## Source records
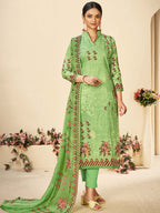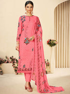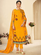 Orange Printed Cotton Unstitched Suit With Chiffon Dupatta
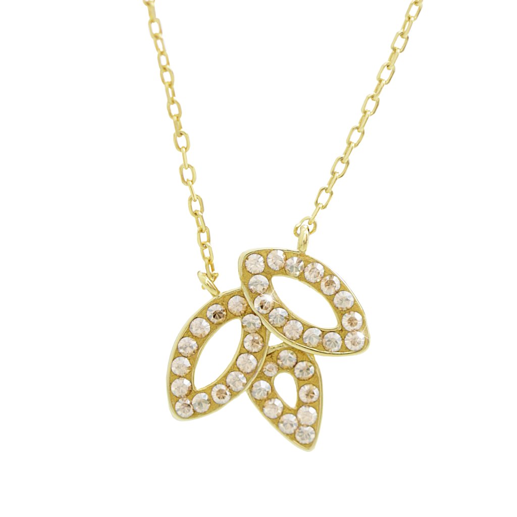 Stříbrný náhrdelník ve zlaté barvě s přívěskem, který tvoří tři malé lístečky. Decentní šperk zobený krystaly Swarovski v barvě Golden Shadow.
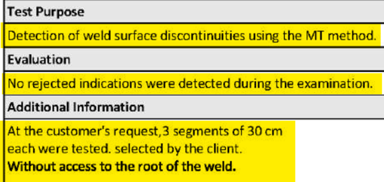 כל הנתונים הללו הסתמכו על בדיקות אל הרס רדיוגרפיות שנועדו לאתר פגמים בשורש הריתוך, בדו”חות לא הסתמכו על בדיקות חלקיקים מגנטיות שכן בדיקה זו אינה רלוונטית לאיתור הפגם הנטען.
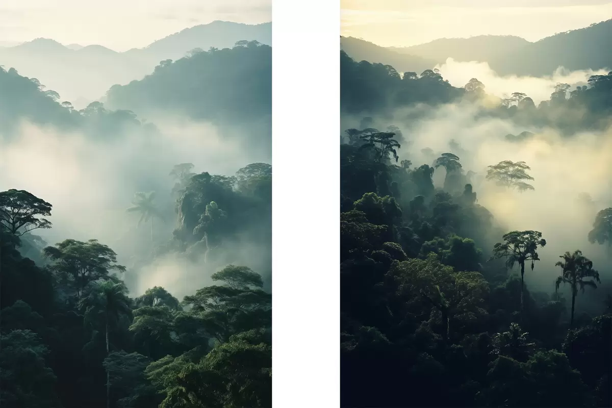 Poster Forêt tropicale avec des arbres verdoyants et une épaisse couche de brume, créant un environnement atmosphérique d00529
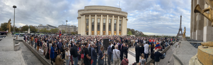 Jeudi 28 septembre, place du Tocadéro à Paris, sur le parvis des droits de l’homme, les Chrétiens d’Orient ont organisé un rassemblement émouvant pour protester contre l’annexion du Haut-Karabagh, la République d’Artsakh, par l’Azerbaïdjan.
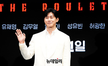 배우 유재명이 24일 오전 서울 여의도 콘래드 호텔에서 열린 디즈니 플러스 드라마 '노 웨이 아웃 : 더 룰렛' 제작발표회에서 포즈를 취하고 있다.드라마 '노 웨이 아웃 : 더 룰렛'은 희대의 흉악범이 출소하자 200억 원의 현상금을 건 '공개살인청부'가 벌어지는 가운
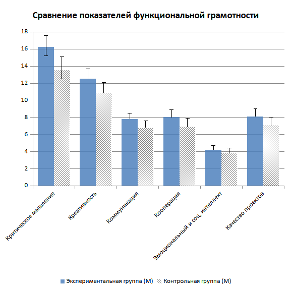 Результаты подтверждают гипотезу: грамотное применение ИИ-инструментов в проектной деятельности развивает универсальные составляющие ФГ. Инфографика по экологическим данным формирует критическое мышление (оценка данных CO₂) и креативность (дизайн решений) в экологической и информационной областях. Сценарии чат-бота усиливают коммуникацию (диалоги о расписании) и социальный интеллект (учет потребностей) в области коммуникации на родном языке. Анализ данных развивает критическое мышление и техническую грамотность в технологической области. Групповые проекты укрепляют кооперацию через согласование идей и устойчивое развитие личности через экологические ценности. Средний размер эффекта (d=0,55–0,65) указывает на значимое влияние ИИ.

## Problem
Copy nothing but the lines from the start of the entries through the line with "배우 유재명이 24일". Write them out exactly, without pictures.

## Written solution
 Orange Printed Cotton Unstitched Suit With Chiffon Dupatta
 Stříbrný náhrdelník ve zlaté barvě s přívěskem, který tvoří tři malé lístečky. Decentní šperk zobený krystaly Swarovski v barvě Golden Shadow.
 כל הנתונים הללו הסתמכו על בדיקות אל הרס רדיוגרפיות שנועדו לאתר פגמים בשורש הריתוך, בדו”חות לא הסתמכו על בדיקות חלקיקים מגנטיות שכן בדיקה זו אינה רלוונטית לאיתור הפגם הנטען.
 Poster Forêt tropicale avec des arbres verdoyants et une épaisse couche de brume, créant un environnement atmosphérique d00529
 Jeudi 28 septembre, place du Tocadéro à Paris, sur le parvis des droits de l’homme, les Chrétiens d’Orient ont organisé un rassemblement émouvant pour protester contre l’annexion du Haut-Karabagh, la République d’Artsakh, par l’Azerbaïdjan.
 배우 유재명이 24일 오전 서울 여의도 콘래드 호텔에서 열린 디즈니 플러스 드라마 '노 웨이 아웃 : 더 룰렛' 제작발표회에서 포즈를 취하고 있다.드라마 '노 웨이 아웃 : 더 룰렛'은 희대의 흉악범이 출소하자 200억 원의 현상금을 건 '공개살인청부'가 벌어지는 가운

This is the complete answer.